What this means for REST services [if done correctly] is to take a single request to the REST server will contain everything that is needed for a single user operation that does everything that is needed in a single transaction, a Transaction Script is what the pattern is called.

This is done through a POST request usually, but others such as PUT can also be used.

A lot of contrived examples of REST (I myself did this) tried to follow as much of what has been defined in the HTTP protocol, after going through that I decided to be more pragmatic and left it to GET and POST only. The POST method does not even have to implement the POST-REDIRECT-GET pattern.

Regardless though, as I had noted above, the client-side application will be the one calling the service and it will only call the POST request with all the data when it needs to (not every time). This prevents constant requests to the server.

Polling

Though REST can be used for polling as well, I won't recommend it unless you have to use it because of browser compatibility. For that I would use WebSockets which I had designed an API contract for as well. Another alternative for older browsers is CometD.

Answer 5

You are absolutely right, supporting completely stateless interactions with the server does put an additional burden on the client. However, if you consider scaling an application, the computation power of the clients is directly proportional to the number of clients. Therefore scaling to high numbers of clients is much more feasible.

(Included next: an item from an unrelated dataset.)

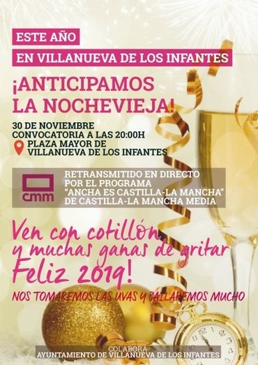 Este viernes día 30 de noviembre Villanueva de los Infantes se adelanta a la Noche Vieja manchega celebrando las campanas desde la balconada del ayuntamiento. Quiere celebrarlo junto con todos los infanteños y todos los castellanos manchegos. Sera retrasmitido en directo por el programa de televisión Ancha es Castilla La Mancha.

As soon as you put a tiny bit of responsibility on the server to manage some information related to a specific client's interactions, that burden can quickly grow to consume the server.

It's a trade off.

Answer 6

REST is stateless and doesn’t maintain any states between the requests. Client cookies / headers are set to maintain the user state like authentication. Say Client username/password are validated by third part authentication mechanism – 2nd level OTP gerneation etc. Once user get authenticated – headers /cookies comes to rest service end point exposed and we can assume user as auth since user is coming with valid headers/cookies. Now certain info of user like IP is either maintained in the cache and after that if request is coming from same Ip (mac address) for listed resources User is allowed. And cache is maintained for some particular time which get invalidated once time lapses. So either cache can be used or DB entries can be used to persist info b/w the requests.